Higher central bank interest rates, in turn, mean for states that they can no longer refinance on more favorable terms and that German government bonds are likely to be more expensive in future. The old very low-interest securities are no longer attractive to investors and they sell them.

But the price of the ‘Bund’ not only affects investors in government bonds, but also has direct repercussions on the problem of the Spanish public debt, more specifically on its risk premium. The risk premium is an extra cost, it is the percentage amount that a debt issuer pays over an agreed reference unit. And in the case of the risk premium, the ten-year German bond is taken as a reference because the German economy is considered the safest in the eurozone and, therefore, its bonds are the least risky. If the ten-year German bond has a yield of 1%, the ten-year Spanish bond, with a risk premium of 100 basis points, must be 2%, 3% if the premium is 200, 4% if it is 300, etc. The risk premium offered to investors in Spanish debt maturing at 10 years stands at 111.9 basis points. The yield on long-term Spanish debt has risen in the secondary market by more than 7 basis points and has risen to 2.37%, a new annual maximum and similar to that registered in mid-June 2015.

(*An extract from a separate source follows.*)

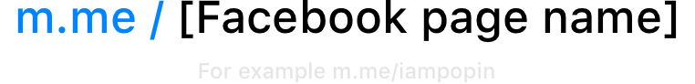 Generate your m.me link by inserting the name of your FB page after the m.me part of the URL: e.g. https://m.me/iampopin.\
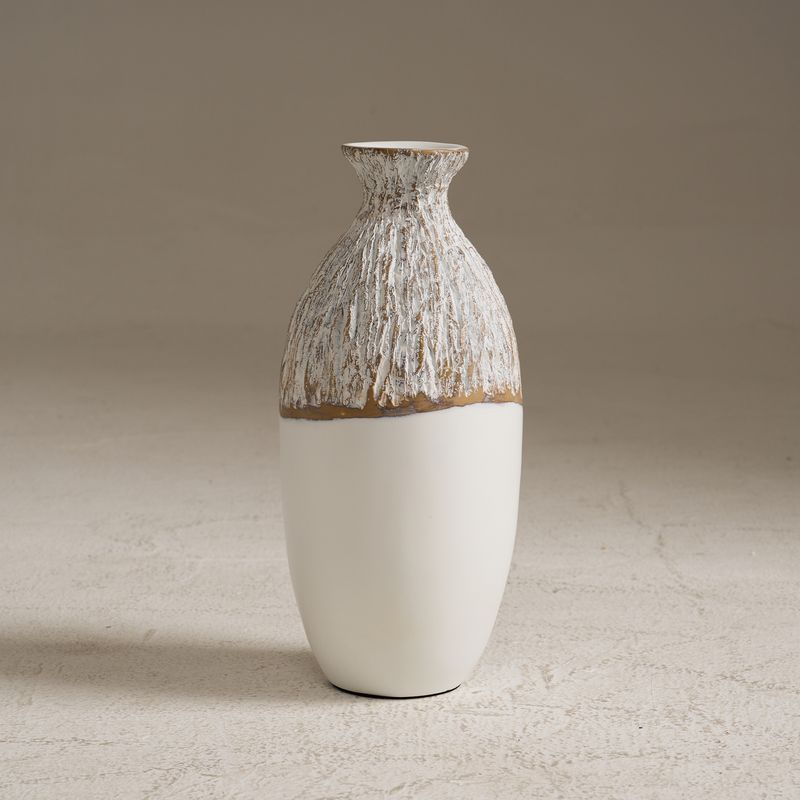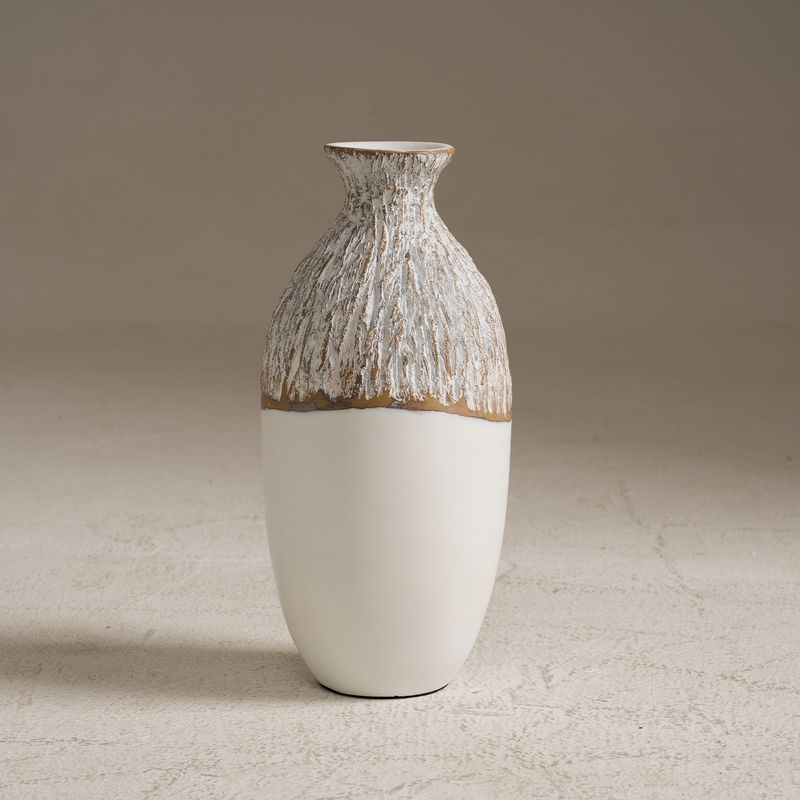 Crafted from eco-conscious unsaturated resin – a high-purity material renowned for its low environmental footprint Every piece undergoes a six-stage creation process: mold casting, primary curing, hand-sanding, secondary sealing, hand detailing, and final waxing—each stage overseen by a single artisan to ensure continuity of touchFeaturing hand-painted flowing lines, each vase is elegantly unique Filled at the base with sand for stability, it stands firmly on any surfaceAt 14 inches tall, it occupies the space of a refined centerpiece, ideal for low table displays in living rooms, dining consoles, or entryway benchesPerfect for compact arrangements of ranunculus and eucalyptus, or a minimalist trio of dried branches, this vase transforms fleeting botanicals into composed moments of still life

The risk premium referred to the ‘Bund’ is also used to measure the extra cost that companies have to pay to finance themselves with respect to the largest company in the sector or with respect to the cost of government financing, the extra cost that the company pays to be financed in the financial markets to compensate the investor for assuming a greater risk compared to the reference company, so the companies are also affected.

As for investors dumping the old Bunds, at least in Germany, it looks like they are turning to buying stocks and gold. The war in Ukraine and inflation have increased the demand for physical gold in the form of bullion. Almost one in three private gold investors in Germany have changed their investment strategy since February 24 and increased the proportion of gold in their assets. Fixed-term deposit accounts and money market accounts, however, have continued to lose popularity, according to the annual survey of the gold market by Hanau-based precious metals group Heraeus. Respondents cite skepticism about general economic developments and concerns about continued high inflation as the main reasons they are redirecting their investments.

52% expect the economy to contract in the next twelve months, 48% expect prices to “go up” and 46% expect prices to “go up sharply”. Consequently, 32% of respondents changed their investment strategy since the start of the Ukraine war and gold in particular benefited from these changes: among this group, 73% are increasingly investing in the precious metal and 29% acknowledge their preference for shares. The study also profiles the German gold investor, by the way. They are overwhelmingly male and the 50+ age group is disproportionately represented among “investors with an affinity for gold.”

Most of them own bullion: 65% say they own gold in this format. 48% prefer coins and gold jewelery is in the hands of 13%. Another curious fact that emerges from this study is that a relatively large number of investors store their gold at home. In the survey, 24% admit that they have, despite having previously been victims of robbery crimes.